Consequently, there is often a significant gap between everyday language proficiency and educational language competencies among DaZ (German as a Second Language) children. While children and teenagers may communicate fluently in spoken language within one to two years, they often struggle with the linguistic tools and structures necessary for effective learning at school.

From everyday German to Academic German

Teaching German as a Second Language in primary school lays a foundation for language development. Initially, instruction centres around immediate, tangible, and concrete experiences. Language activities are closely tied to specific situations, supported by illustrations, and primarily rely on conceptual and oral language. Even the first written texts in primers or those produced by children reflect this everyday language style.

As primary school progresses, the importance of written skills, including reading and writing, significantly increases.

Challenges with Academic German

Despite receiving intensive support in the first two years, non-native speakers often lack continued language assistance in Swiss public schools. This gap in support significantly impacts advanced DaZ (German as a Second Language) students, who encounter specific challenges and pitfalls in mastering the German language. Closing the gap between oral proficiency and writing skills requires explicit and repeated instruction and practice.
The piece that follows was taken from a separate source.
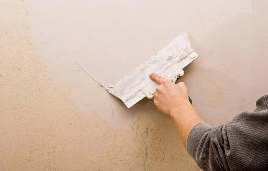 - Далее рекомендуется аккуратно простучать стены молотком. Это необходимо для того, чтобы найти слабые ненадежные участки. Если на стене имеются глубокие трещины и рытвины, то их лучше заделать. Можно использовать ту же гипсовую штукатурку, только делать смесь более густой. Остальные дефекты легко скроются во время оштукатуривания.

Consequently, many advanced DaZ students still underperform in tasks involving text production, logical structure, and organization. This includes presentations, descriptions, reports, visual stories, retellings, personal narratives, experiment instructions, and solving text-based math problems. The lack of ongoing language support hinders their ability to excel in these areas, affecting their overall academic performance.

Supporting DaZ Learners

By understanding the unique complexities of achieving written proficiency in German, educators and parents can provide targeted support to DaZ learners. Parents who worry about their childrens’ academic performance might want to consider getting support from an experienced tutor.

Explicitly teaching the rules and structures of written language, fostering vocabulary development, and providing ample opportunities for practice can help students bridge the gap and thrive academically in their German language journey.

Language resources to support your child:

Do you need advice and guidance on how to support your child with local school and language learning? I am an educational consultant and a qualified German teacher with over 20 years experience in teaching German as a Second language. Get in touch to learn more about my services!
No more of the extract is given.